Authors: Heather Graham
She shrugged, fingering the pendant that lay against her breast, his gift to her. It was a gold medallion, engraved with the Cameron crest and studded with precious jewels. “Do you not like the shirt?”
He studied her carefully. “I like it very much. Who made it?”
“I did.”
“I never saw you work upon it.”
“I meant for it to be a surprise. I worked when you were out of the house. Are you surprised?”
“Very. The cloth is rich, madame. You did not take it for yourself. If you do not take care, I will begin to imagine that you did not marry me entirely for my money. I thought that you craved the best of everything, my love.”
Jassy flushed, still fingering the precious golden medallion. He taunted her, but it was Christmas, and she did not care.
“I never craved the best of anything … material, milord. I did seek not to starve, I admit. And I did seek …”
“What?”
“Never mind,” she said, swiftly turning aside. He would not let her go. He stood, catching her arm, pulling her back to him. “You did seek what, milady? Tell me.”
“Jamie, it is Christmas. We have guests—”

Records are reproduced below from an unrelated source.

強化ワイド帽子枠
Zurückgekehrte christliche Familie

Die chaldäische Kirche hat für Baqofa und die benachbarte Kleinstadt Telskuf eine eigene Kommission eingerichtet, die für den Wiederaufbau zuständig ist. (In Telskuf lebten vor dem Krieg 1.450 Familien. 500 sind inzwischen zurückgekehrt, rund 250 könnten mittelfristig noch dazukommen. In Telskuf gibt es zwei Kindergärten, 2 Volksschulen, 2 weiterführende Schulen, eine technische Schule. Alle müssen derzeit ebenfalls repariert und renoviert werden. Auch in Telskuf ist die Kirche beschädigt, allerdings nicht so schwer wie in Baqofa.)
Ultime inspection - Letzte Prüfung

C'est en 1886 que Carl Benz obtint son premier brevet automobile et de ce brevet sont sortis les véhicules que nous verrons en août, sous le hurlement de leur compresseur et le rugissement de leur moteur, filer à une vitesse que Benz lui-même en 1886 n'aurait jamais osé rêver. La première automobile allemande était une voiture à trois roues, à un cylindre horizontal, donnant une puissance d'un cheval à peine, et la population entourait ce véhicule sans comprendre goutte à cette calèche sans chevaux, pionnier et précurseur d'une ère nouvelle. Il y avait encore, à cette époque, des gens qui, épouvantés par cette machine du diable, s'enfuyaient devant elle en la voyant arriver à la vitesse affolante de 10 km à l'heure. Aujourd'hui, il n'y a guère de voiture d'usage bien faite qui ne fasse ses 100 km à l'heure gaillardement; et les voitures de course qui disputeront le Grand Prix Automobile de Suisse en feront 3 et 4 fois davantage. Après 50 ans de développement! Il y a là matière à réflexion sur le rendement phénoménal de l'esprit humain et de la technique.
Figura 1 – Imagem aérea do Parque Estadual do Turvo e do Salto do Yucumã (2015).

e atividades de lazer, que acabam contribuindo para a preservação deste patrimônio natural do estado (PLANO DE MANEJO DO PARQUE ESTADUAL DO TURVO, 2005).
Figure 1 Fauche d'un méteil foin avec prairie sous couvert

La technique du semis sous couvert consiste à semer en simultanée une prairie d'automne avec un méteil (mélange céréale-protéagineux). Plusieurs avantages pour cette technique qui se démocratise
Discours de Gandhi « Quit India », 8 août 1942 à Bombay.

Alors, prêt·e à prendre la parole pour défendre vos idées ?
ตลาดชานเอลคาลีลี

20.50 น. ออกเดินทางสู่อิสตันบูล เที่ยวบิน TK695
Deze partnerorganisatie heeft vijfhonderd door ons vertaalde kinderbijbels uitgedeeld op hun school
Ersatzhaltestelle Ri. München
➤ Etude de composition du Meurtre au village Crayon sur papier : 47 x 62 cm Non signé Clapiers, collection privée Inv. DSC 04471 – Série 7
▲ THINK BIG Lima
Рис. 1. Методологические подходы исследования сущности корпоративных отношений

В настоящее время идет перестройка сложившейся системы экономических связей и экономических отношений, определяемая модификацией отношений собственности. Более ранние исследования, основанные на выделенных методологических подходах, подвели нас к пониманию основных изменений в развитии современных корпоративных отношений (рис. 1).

“And may God bless them. Answer me. You did seek what?”
She lifted her head and met his demanding stare gravely. “I sought not to die, nor to live, like my mother. Please, could you be so good as to release me now?”

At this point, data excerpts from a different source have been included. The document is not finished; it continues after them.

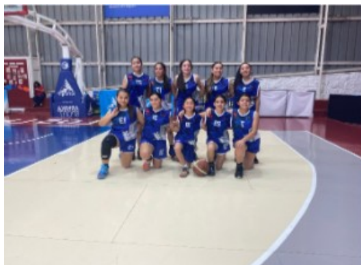
Básquetbol Categoría Infantil, juegos escolares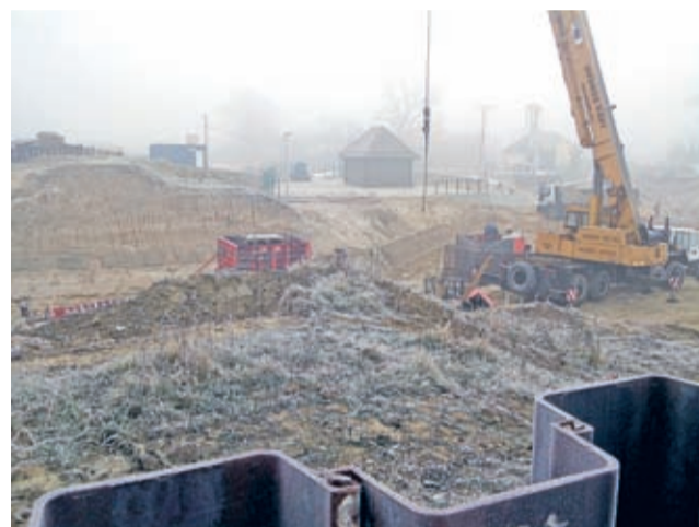
Na placu budowy stopnia wodnego w Rzeczycy.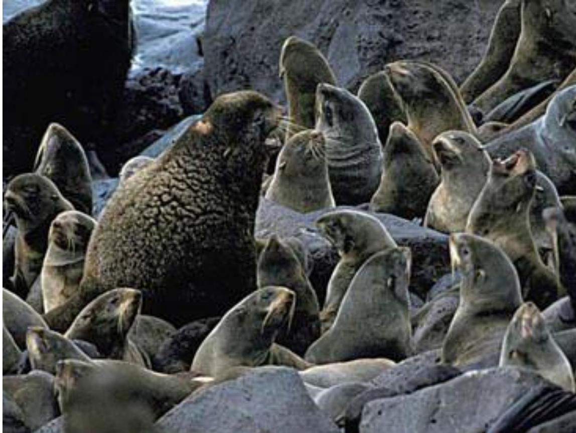
Fokenoj (latine: Callorhinus ursinus )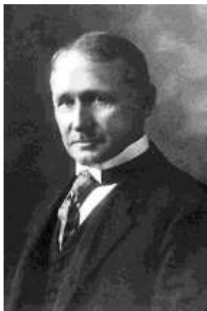
FREDERICK TAYLOR PADRE DE LA ADMINISTRACIÓN CIENTÍFICA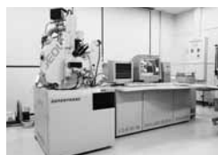
電子プローブ マイクロアナライザ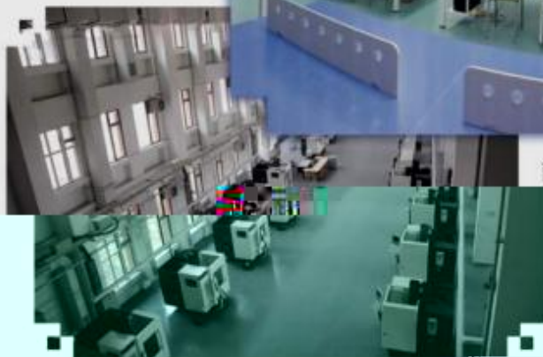
DMG 数控技术训练场所

His hand fell away from her arm. She lowered her eyes quickly from his and hurried back to the fire. Tamsyn sat upon the hearth, playing a rousing melody upon a flute. Lenore and Robert were dancing to the curious tune, while Kathryn, the Hume girls, and Mrs. Lawton laughed and applauded. Breathless at last, Lenore fell into a chair before the blaze. “Alas, if only it were England!”

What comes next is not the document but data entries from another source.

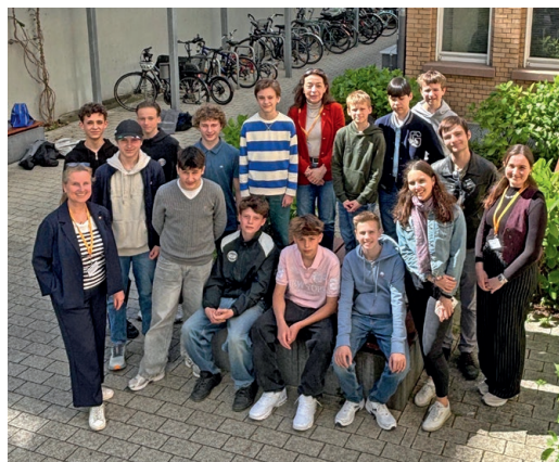
Die Teilnehmer des Boys'Days mit Mitwirkenden aus dem IDS.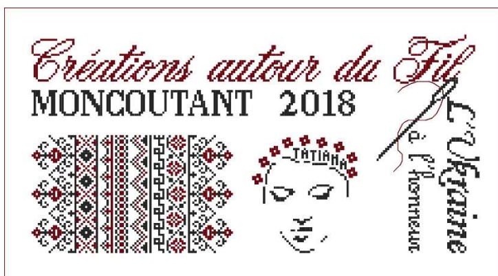
Diagramme point de croix 209 X 102 points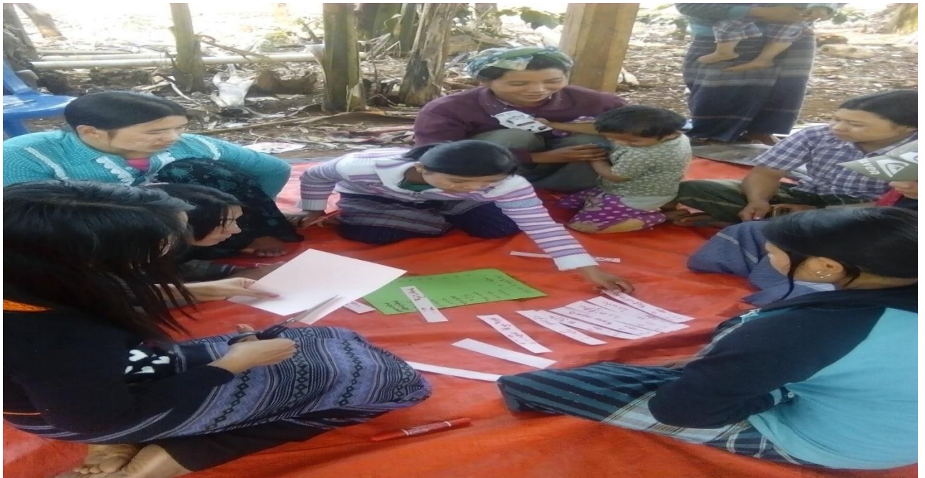
၇။ ခေါ်သမော ကျေးရွာ၏ စီမံကိန်းအထောက်အကူပြု ကျေးရွာကော်မတီဝင်များစာရင်း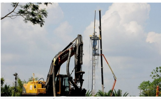
Ecopetrol inició piloto de fracking.

Esta práctica generaría alrededor de 100 mil puestos de trabajo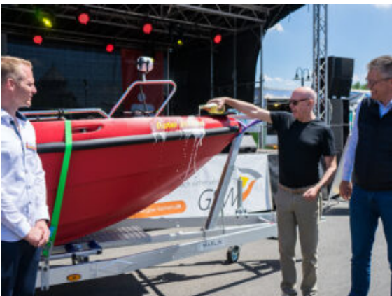
Schiffstaupe vor der Hafenmeisterei.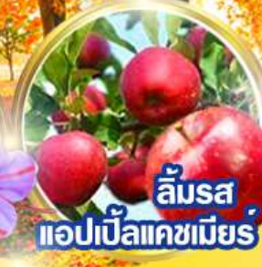
ลิ้มรส แอปเปิ้ลแคชเมียร์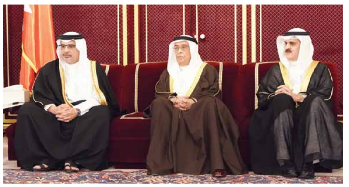
• سمو ولي العهد وبحضور سمو الشيخ عيسى بن سلمان وسمو الشيخ محمد بن سلمان يستقبل المعزين بوفاة صاحبة السمو الشيخة هالة بنت دعيج

السعودية الشقيقة صاحب السمو الملكي الأمير محمد بن سلمان بن عبدالعزيز آل سعود في وفاة صاحبة السمو الشيخة هالة بنت دعيج آل خليفة، أعرب فيها عن أحر تعازيه وصادق مواساته لسمو ولي العهد ولاسرة الفقيدة، سائلاً الله جل شأنه أن يشملها بواسع رحمته ورضوانه ويسكنها فسيح جناته.

“Are you so homesick, then?” Elizabeth asked her.
“Sometimes,” Lenore admitted. “I should love just to see London this night! London, with her busy streets and carefree revelers and her churches, with the bells all pealing merrily. I should love to see Hampton Court; I
would cherish a visit to Oxford. I would even love to walk the streets among the people. I
am
homesick, I suppose. I should not like to see the palisade—I should like to see Westminster Abbey and the shops—” “Shops!” Robert groaned.
“Oh, come!” Lenore said, pouting. “I do not want to smoke meat and worry if we’ve enough candles and wood for the winter. Look at my hands! Alas, they are almost as bad as Jassy’s. I have stooped to the making of candles and soap!”
They all laughed. Jassy was startled by her husband’s touch when he picked up her small hand and smoothed his large fingers over it. The fire flickered, and it seemed that the room grew silent—even Tamsyn ceased to play—and Jamie studied her hand very carefully. “This is not a bad hand, as I see it, Lenore. It came to me rough and worn in the service of others, and now it stays rough and worn in the service of my dream. It is a fine hand. It holds great strength, yet it can touch with tenderness. I am quite fond of it, really. Tell me, Jassy, are you so homesick too? Do you still abhor the Carlyle Hundred?”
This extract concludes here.